Wednesday, February 28, 2007

History of Music

Metallizart

ALL YOU EVER NEED TO KNOW ABOUT MUSIC HISTORY

By Prof. Lawrence Margeld, DDS

Beethoven. Brahms. Borscht. Bachman Turner Overdrive. Belarus. Bomb Squad. Blacula. Ooh - Barracuda.

If you are like most Americans, you stopped reading the above words at "Be-" and are now crumpled into the fetal position, crying about how stupid you are because you don't know music history. You are smart enough to realize how important such knowledge is; if you ever want to be invited to smart cocktail parties and mingle with bright young things and eventually see the underwear of graduates from all-women's colleges with trendy haircuts and laughter like a spring brook, you have to be able to tell Satie from "Sexy Sadie." But, of course, as you vainly brush at your offal-encrusted snout and genuflect before the modern god "teevee," you realize this specialized knowledge is so far out of your reach as to seem as unlikely as the sun suddenly becoming habitable.

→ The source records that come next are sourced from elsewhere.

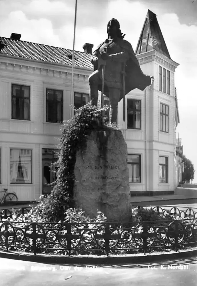 Nordhal, K. (1950) Olav den hellige på Lilletorvet [Foto] Sarpsborg kommunes fotosamling. DigitaltMuseum.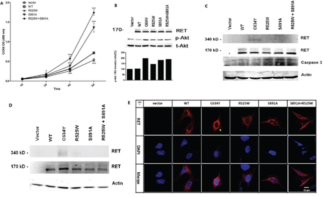 The transforming capacity was assessed in HEK293 and HEK293T cells transfected with wild type-RET, p.R525W, and p.S891A/p.R525W. We found that RET p.S891A/p.R525W and p.S891A had a significant effect on the promotion of cell proliferation rates, and p.S891A/p.R525W showed a stronger effect than p.S891A (Figure 4A). RET p.R525W, p.S891A, p.S891A/p.R525W, and p.C634Y all increased the level of Akt phosphorylation. The phosphorylation level of p.R525W was 20%, 23%, and 30% weaker than that of p.S891A, p.S891A/p.R525W, and p.C634Y, respectively (Figure 4B). To confirm whether the proliferative effect resulted from apoptosis, we detected any alteration in an important apoptosis marker, caspase 3. Western blotting indicated that caspase 3 was also downregulated by RET and its mutants (Figure 4C). RET glycosylation was completely inhibited by p.R525W, p.S891A, p.S891A/p.R525W, and p.C634Y (Figure 4C). Disulfide-bridge-mediated RET dimerization was observed only in p.C634Y mutants (Figure 4D, 4E), which is consistent with the previous conclusion that RET mutations affecting extracellular cysteines lead to constitutive dimerization [35], and the p.S891A and p.S891A/p.R525W mutants together functioned as a monomeric receptor. Immunostaining indicated that RET p.R525W, p.S891A, and p.S891A/p.R525W were located mainly in the cytoplasm but rarely in the cellular membranes, suggesting an effect on the location and thus the function of RET by these mutations. Collectively, these data indicated that RET p.S891A can facilitate cell proliferation through promotion of the anti-apoptotic effect of Akt and incoming mitogenic stimulators. Meanwhile, the oncogenic activities of RET p.S891A are lower than those of p.C634Y.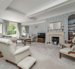 Drawing Room - 6.71m x 5.77m (22' x 18'11) - Overall measurements measured into the oval window bay, box sash windows, fireplace, picture rail, radiator, moulded ceiling cornice and panelled ceiling.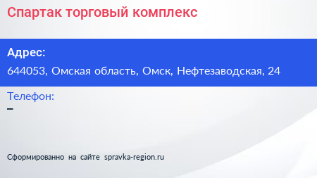Спартак, торговый комплекс по адресу 644053, Омская область, Омск, Нефтезаводская, 24 в дальнейшем Организация, размещена в следующих категориях: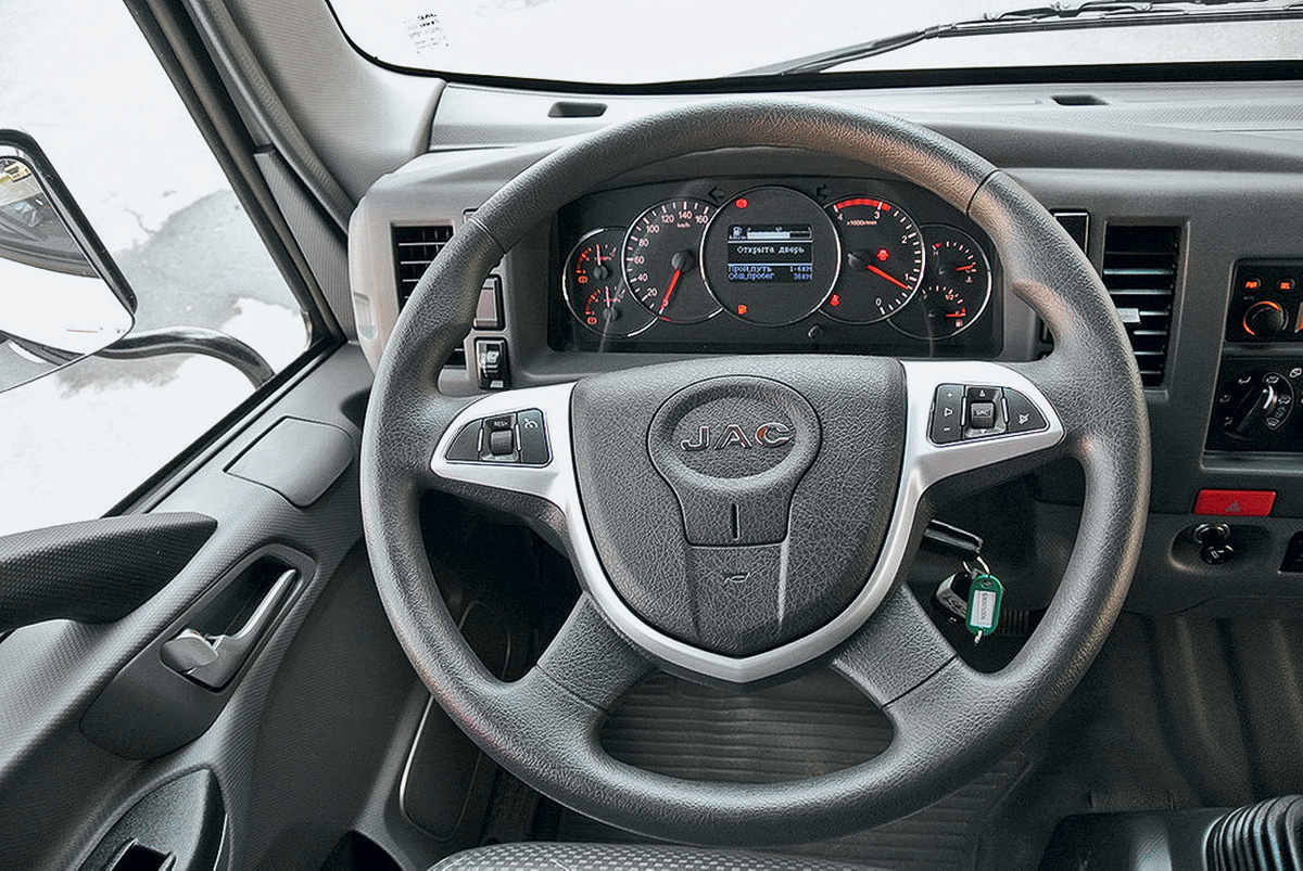 Уделил JAC Motors внимание и российской среде обитания своего детища. В «базе» шасси оснащается более мощным отопителем, топливным фильтром с подогревом и сепаратором, подогревом зеркал заднего вида, морозоустойчивыми резиновыми деталями, дополнительным утеплением и шумоизоляцией кабины, москитной сеткой с теплоизоляционным экраном радиатора двигателя, защитой картера двигателя и коробки передач, закрытым аккумуляторным ящиком, предпусковыми нагревателями масляного картера и топливной системы двигателя, подключаемыми к электросети напряжением 220 В, надежной электропроводкой Bosch с хорошо защищенными разъемами. В качестве опции предлагается предпусковой жидкостный подогреватель Webasto. Планируется установить дополнительную теплоизоляцию на переднюю панель кабины и доработанные сиденья.

Don't kill yourself just yet, however. While you will admittedly never attain the level of expertise required to hold a conversation with even the dumbest European, you can learn just enough about music history to adequately get your fingers beneath the brassiere of a Mount Holyoke alumnae with relatively little pain on your part. This brief monograph - dashed off while I was in the Newark airport, waiting to be flown to a deliver a lecture in Budapest on how to get rich using e-mail about penis enlargement - should put you on the road to an upwardly mobile demographic of vaginal intercourse.

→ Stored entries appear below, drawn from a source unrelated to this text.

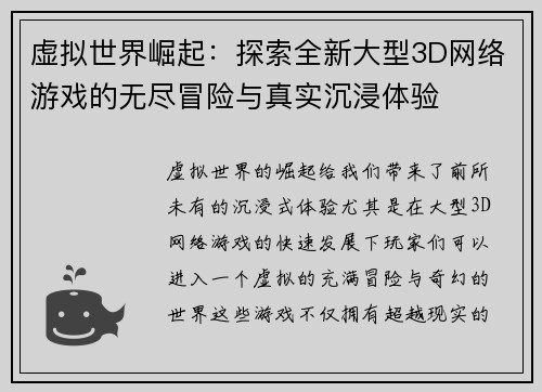 虚拟世界崛起:探索全新大型3D网络游戏的无尽冒险与真实沉浸体验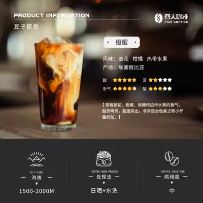 Four-person orange honey 4 0 boutique Italian blending concentrated fruit increased sweetness coffee beans 454g non-hand
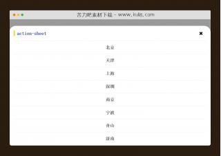 一款常用的移动端菜单,点击按钮触发从页面底部弹出菜单,可点击空白处或关闭按钮关闭菜单。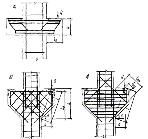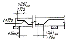 Величины относительной длины анкеровки λан = lан/d, вычисленные по формуле (308) для разных марок бетона и для разных классов арматуры, приведены в табл. 41. В случае когда анкеруемые стержни поставлены с запасом по площади сечения против требуемой расчетом по прочности, при определении lан по формуле (308) значения Rа должны умножаться на величину, равную отношению необходимой по расчету и фактической площади сечения арматуры. Если вдоль анкеруемых стержней образуются трещины от растяжения бетона, то стержни должны быть заделаны в сжатую зону бетона на длину lан, определяемую согласно вышеуказанному. При этом высоту сжатой зоны допускается определять согласно п. 4.16. 5.49. При невозможности выполнения требований п. 5.48 должны быть приняты специальные меры по анкеровке продольных стержней: а) устройство на концах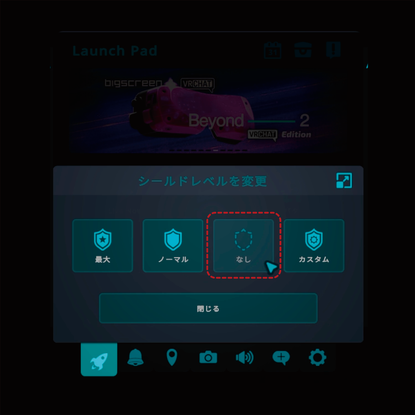 ・予めシールドレベルを”なし”に設定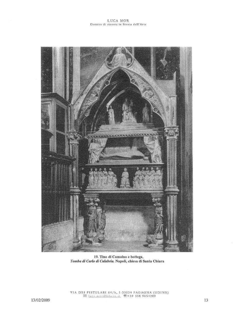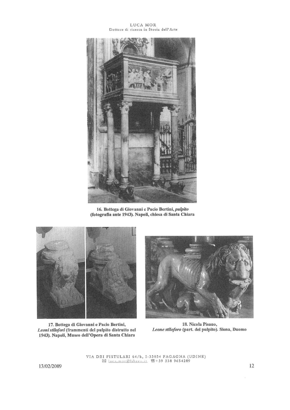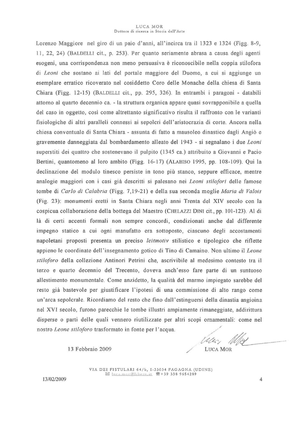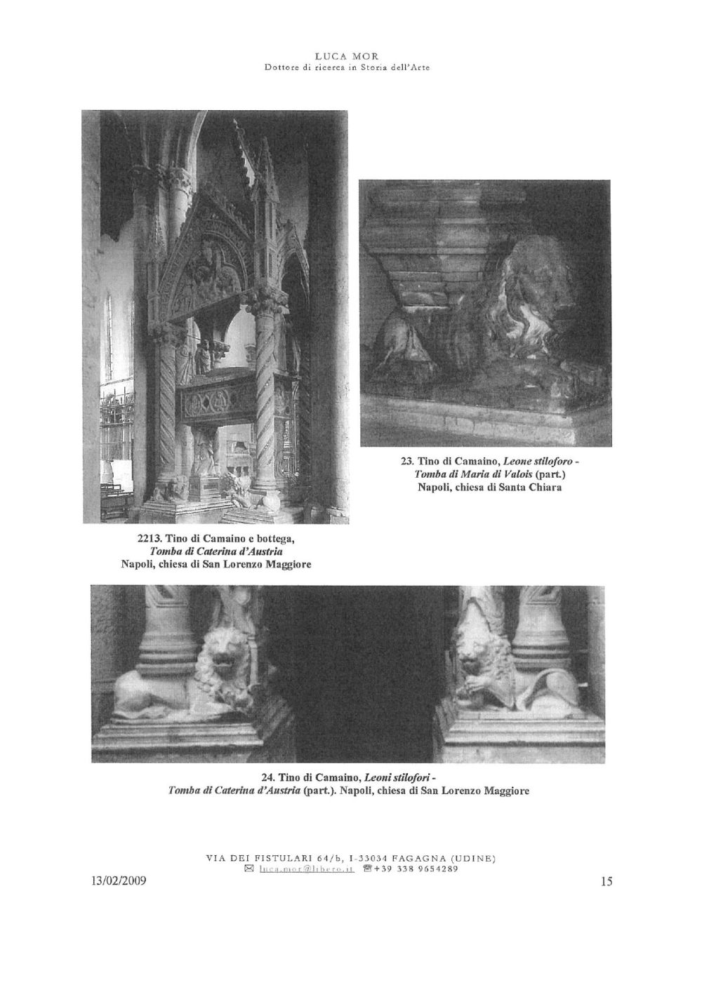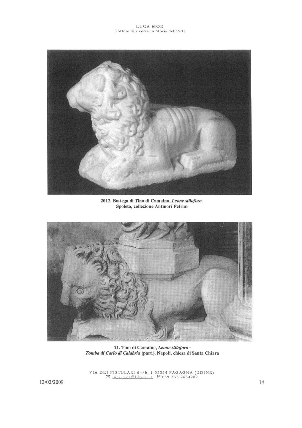 E' possibile comparare il leone con altri della Napoli angioina, quali: i leoni che ornano la tomba di Caterina d'Austria (prima moglie di Carlo di Calabria) a San Lorenzo Maggiore; i leoni ai lati del portale maggiore del Duomo; nella chiesa conventuale di Santa Chiara, dove sopravvivo due leoni di quattro che sostenevano il pulpito; i leoni presenti nelle tombe di Carlo di Calabria e della sua seconda moglie Maria di Valois eretti bella chiesa di Santa Chiara.

In the Beginning Was the Lute
The first thing you have to understand is that you will never be called upon to know anything about music that predates Protestantism, so forget about it.

The Era of Composers
People who create music are today called "songwriters"; the greatest of their ranks include Paul Simon, Josh Groban, and the author of "Walking in Memphis." However, the men* who wrote what we know today as "classical music" are never called songwriters even though, confusingly, they often wrote songs. These men are called "composers," and if you accidentally refer to them as "songwriters" in toney company the only way to save face is to immediately stop an assassin's bullet before it kills the president. So don't make that mistake, because you won't always be near enough to the president to jump.

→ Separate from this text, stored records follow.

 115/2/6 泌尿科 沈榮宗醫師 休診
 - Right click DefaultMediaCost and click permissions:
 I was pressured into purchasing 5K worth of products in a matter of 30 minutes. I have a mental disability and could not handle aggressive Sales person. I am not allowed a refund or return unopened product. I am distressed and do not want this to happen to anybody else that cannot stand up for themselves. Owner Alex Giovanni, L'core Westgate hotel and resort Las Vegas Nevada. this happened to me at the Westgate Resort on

The most important composers are Bach (pronounced Batch), Beethoven, and Mozart. They wrote songs from roughly the time it was shocking to be Protestant to the time when people started calling themselves Americans. They were all Germans, and frustratingly most of their songs are written in German. You don't listen to classical music for the words, though, which are pretty dumb. Here are some words from Beethoven's 9th Symphony to illustrate my point:

"Joy all creatures drink / At nature's bosoms / All, Just and Unjust / Follow her rose-petalled path / Kisses she gave, and Wine / That's right / I'm talking 'bout kisses sweeter than wi-hine."

Pretty bad, and worse when you consider that it's actually supposed to be in German.

Harpsichord

This machine makes men kiss men.

Classical Music, From Then to When
Classical music, at the time it was written, was then known as "music." It was written and performed by Germans in whigs and breeches (a kind of early pant technology) for the delectation of margraves, dukes, fiefdoms, and other inbred pseudo-monarchs who would be swept away by successive waves of unhappy peasants.

This era is known as the "golden age" of music. It was when such important works as Beethoven's Ninth Symphony, Beethoven's Fifth Symphony, and Rock Me Amadeus were written (or "composed"). The primary form of music was the symphony, which was a long piece written for many instruments. Music historians have today established beyond a doubt that these were crude attempts to keep down the unemployment rate, as there is no earthly reason to have three harpsichordists playing at once.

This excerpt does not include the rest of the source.